La licenziano perché è grassa: «Attendo le scuse del negozio»
Acquisti in un negozio (foto d’archivio)

La donna licenziata per il peso chiede le scuse del negozio

La vicenda denunciata dal Cittadino è diventata un caso nazionale

«Adesso voglio solo le scuse del negozio». A parlare è Arianna Marchi, la 29enne di Lodi licenziata dopo un solo giorno di lavoro perché troppo grassa. Il suo appello, lanciato dalle colonne del «Cittadino», nell’edizione di sabato e domenica, è stato ripreso poi dalla stampa nazionale e ha fatto il giro del web. «Mi hanno chiamata anche le Tv - commenta la giovane -, ma al momento preferisco aspettare. Attendo le scuse di Pittarello. Se non arriveranno allora mi comporterò diversamente».

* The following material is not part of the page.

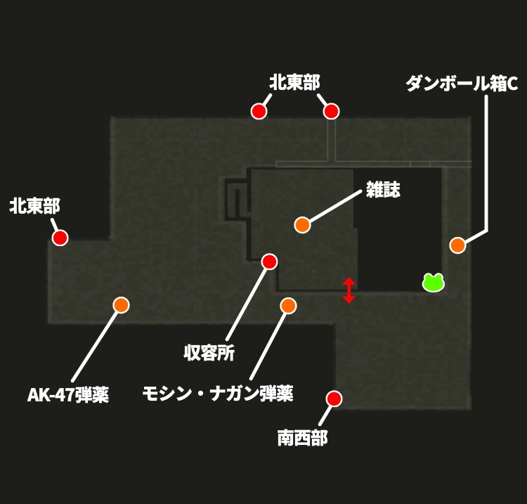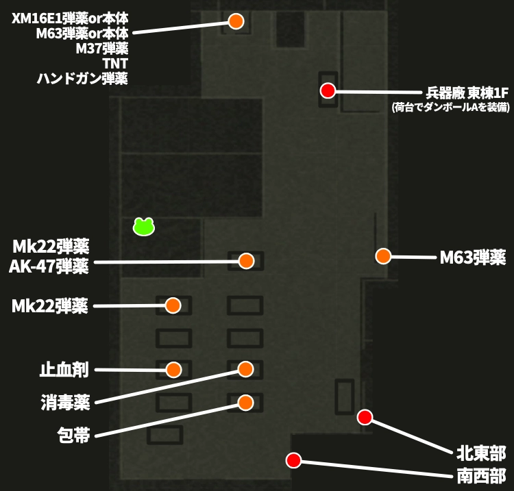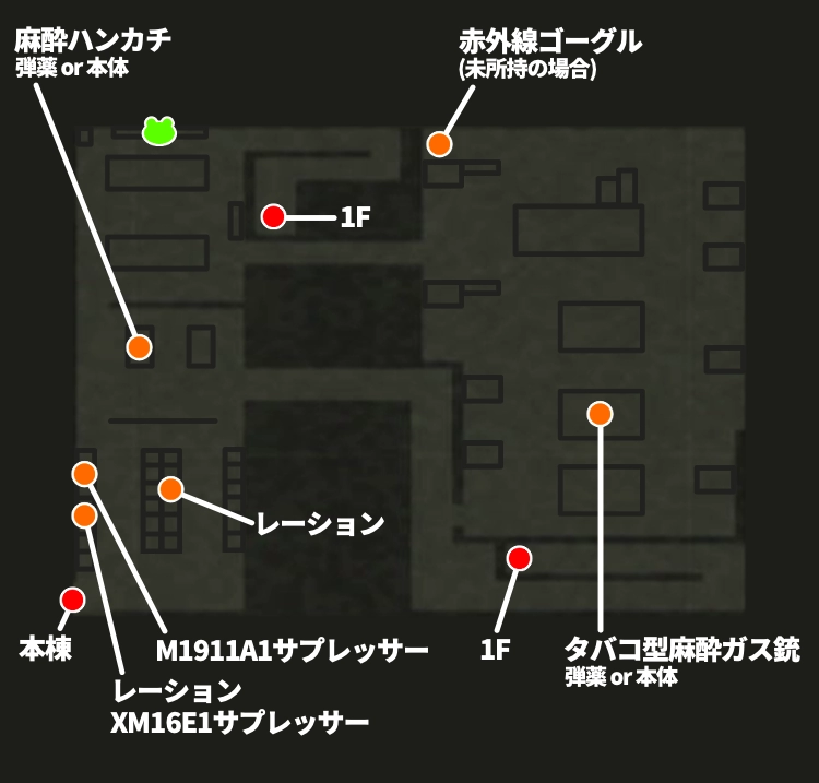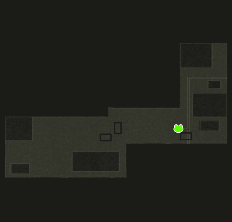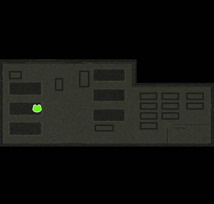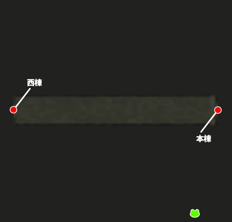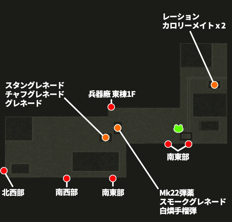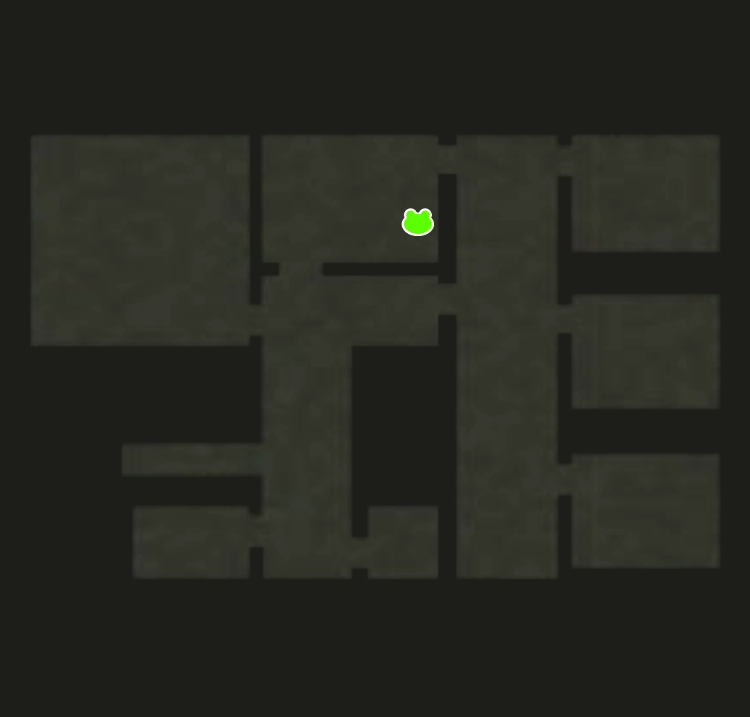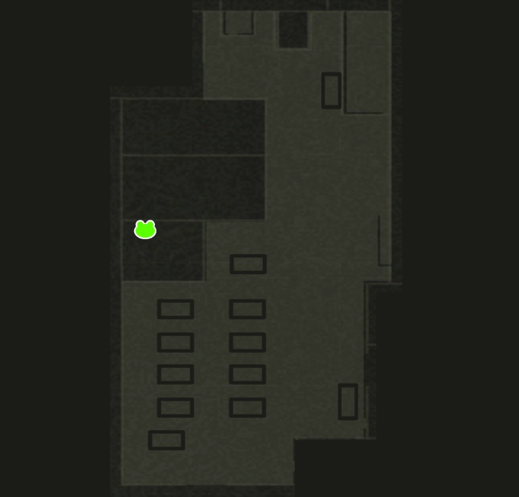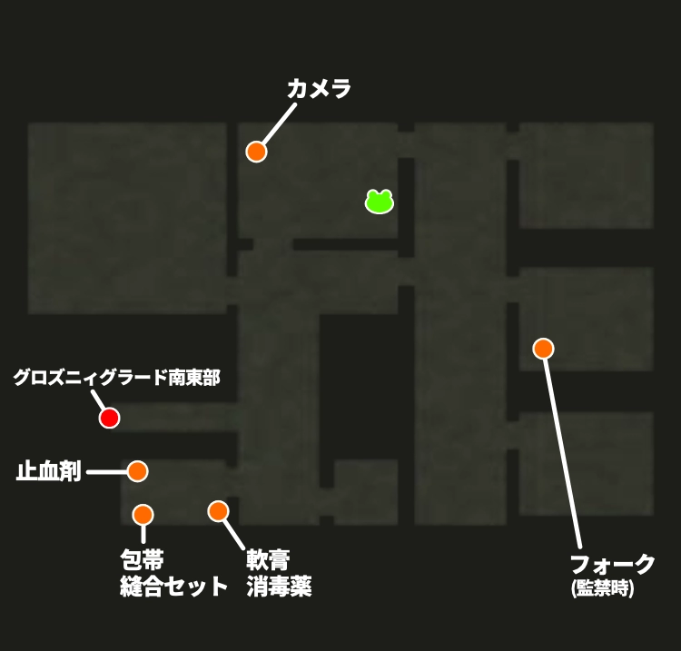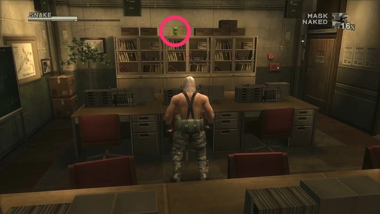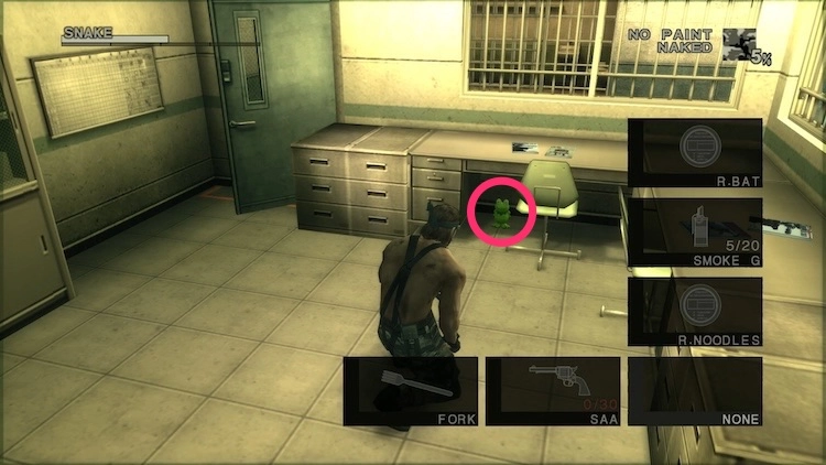 北側の部屋の机の下にケロタンがある。銃を持っていないため、看守から入手できるスモークグレネードを投げて当てよう。

La 29enne racconta la sua vicenda: «Avevo siglato un contratto da martedì a domenica, per 24 ore, per 8 euro e 77 lordi all’ora. Il primo giorno per tutto il pomeriggio ho messo a posto le scarpe. Quindici minuti dopo la fine del turno di lavoro, l’operatrice dell’agenzia interinale mi ha chiamata. Mi ha spiegato che l’azienda mi aveva giudicata non abbastanza leggera. Non avrei potuto scaricare i camion. Assurdo».

«È la prima volta che mi capita di sentire di una vicenda così - commenta Isacco Galuzzi, direttore di Confcommercio Lodi -, l’aspetto estetico non deve essere determinante o discriminate nelle valutazioni di chi assume, nemmeno nei negozi di scarpe e abbigliamento. Le valutazioni vanno fatte sulle capacità lavorative, non sugli aspetti fisici».

Dopo aver letto il suo caso, ad intervenire è stata anche Daniela Ramaioli: «Anche a me - dice - è successa la stessa cosa che è capitata ad Arianna, nello stesso negozio».